[Start of Attachment]
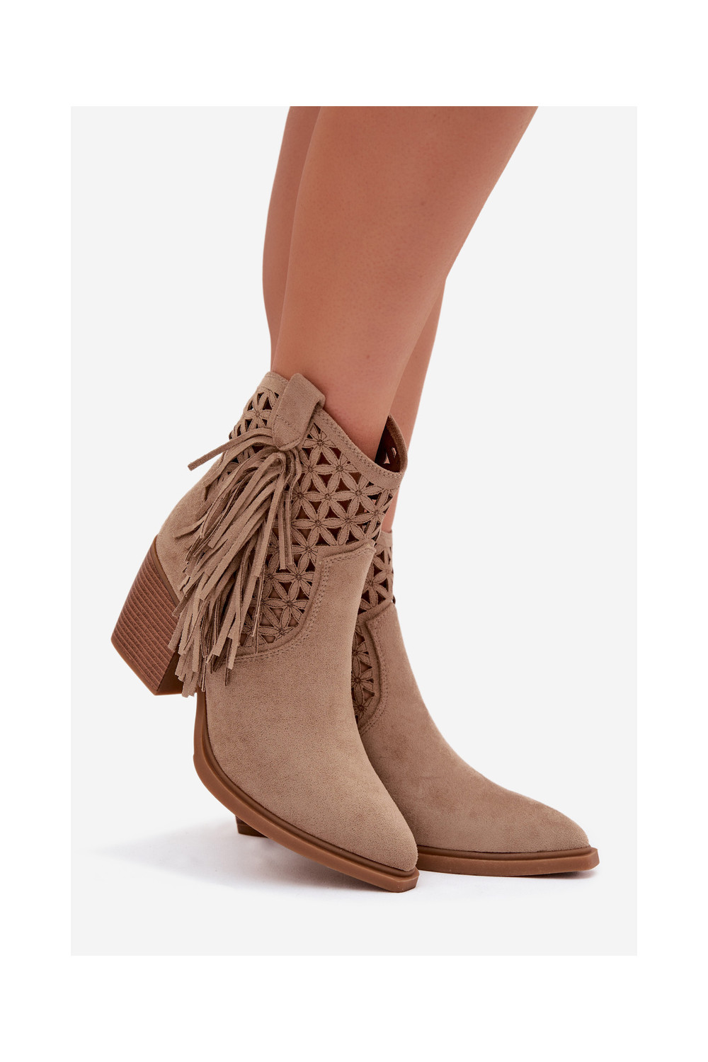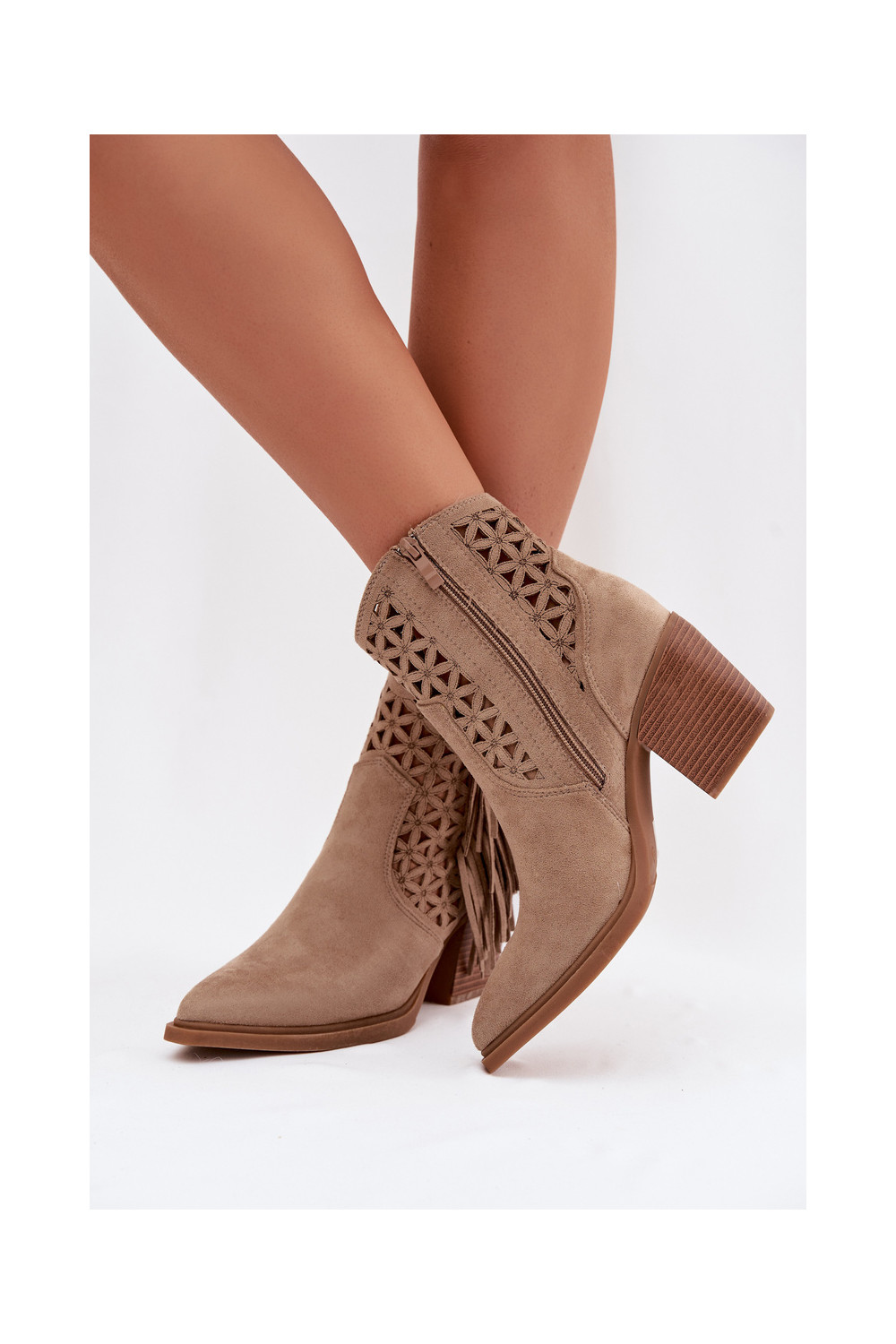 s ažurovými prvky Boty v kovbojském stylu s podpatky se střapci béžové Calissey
[End of Attachment]
[Start of Attachment]
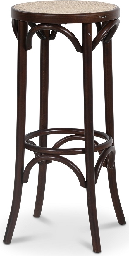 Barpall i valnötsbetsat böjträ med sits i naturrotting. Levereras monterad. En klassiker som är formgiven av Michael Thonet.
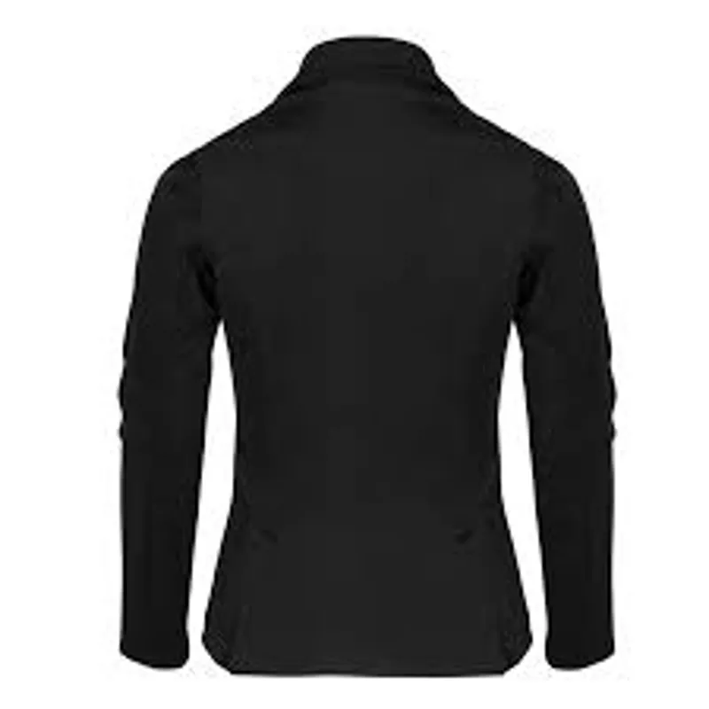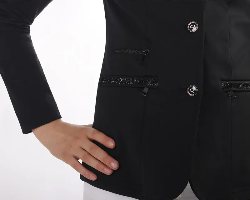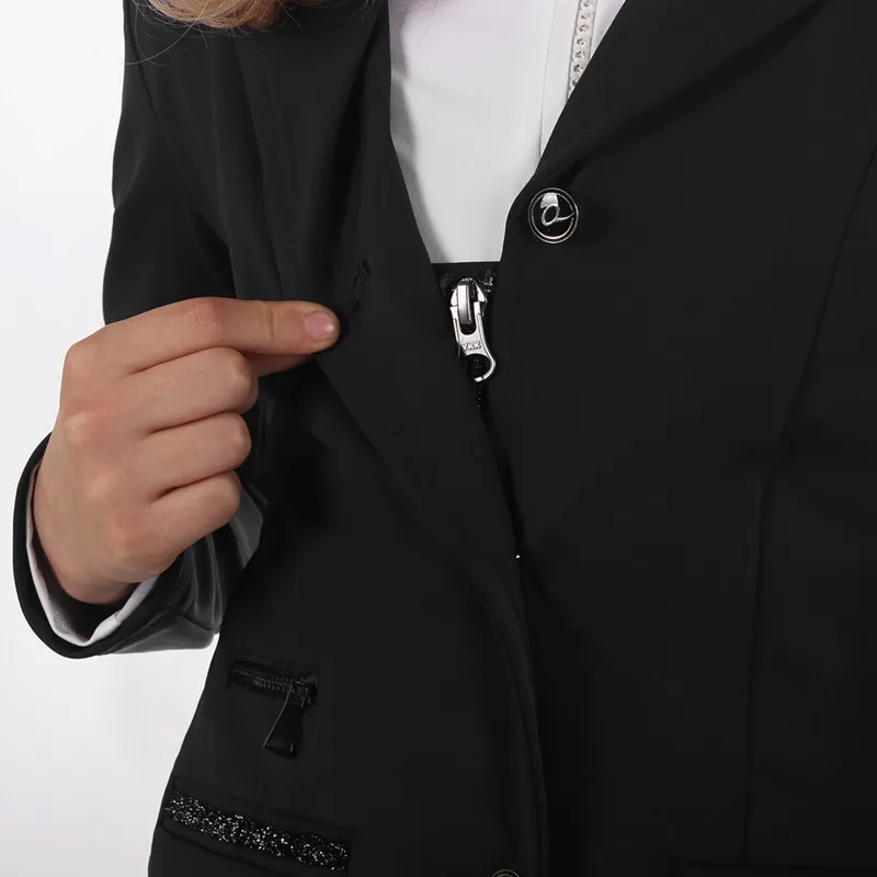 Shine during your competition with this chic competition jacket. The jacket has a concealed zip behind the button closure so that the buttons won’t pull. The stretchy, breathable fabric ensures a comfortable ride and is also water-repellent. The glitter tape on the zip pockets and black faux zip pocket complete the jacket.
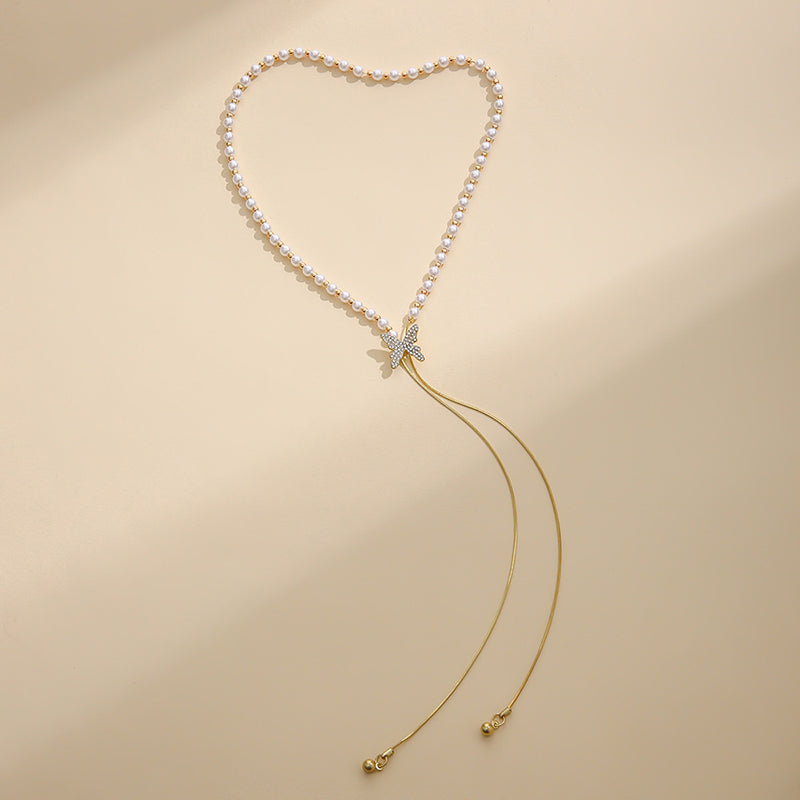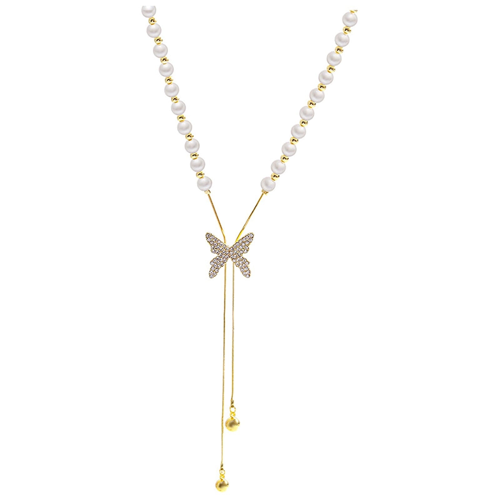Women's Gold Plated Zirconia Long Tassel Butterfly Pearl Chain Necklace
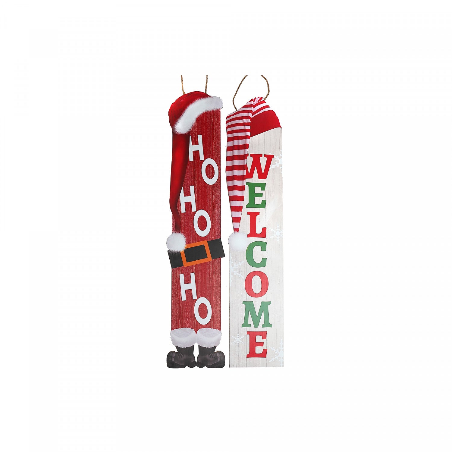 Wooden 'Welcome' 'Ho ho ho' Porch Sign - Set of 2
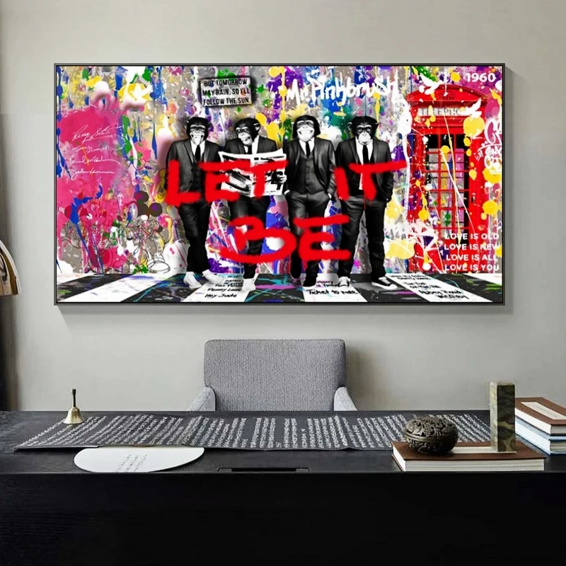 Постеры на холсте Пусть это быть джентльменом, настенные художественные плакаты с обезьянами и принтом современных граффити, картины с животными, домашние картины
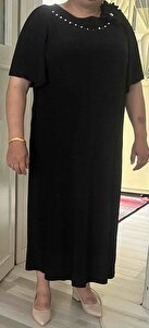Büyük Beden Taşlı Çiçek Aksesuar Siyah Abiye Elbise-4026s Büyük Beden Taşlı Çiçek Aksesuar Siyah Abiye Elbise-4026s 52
[End of Attachment]
*Task details*
Within the listing above, copy exactly the lines that start at the one with "Постеры на холсте" and continue through the one with "Büyük Beden Taşlı Çiçek Aksesuar Siyah Abiye Elbise-4026s Büyük". Omit pictures.

*Reply to the exercise*
 Постеры на холсте Пусть это быть джентльменом, настенные художественные плакаты с обезьянами и принтом современных граффити, картины с животными, домашние картины
Büyük Beden Taşlı Çiçek Aksesuar Siyah Abiye Elbise-4026s Büyük Beden Taşlı Çiçek Aksesuar Siyah Abiye Elbise-4026s 52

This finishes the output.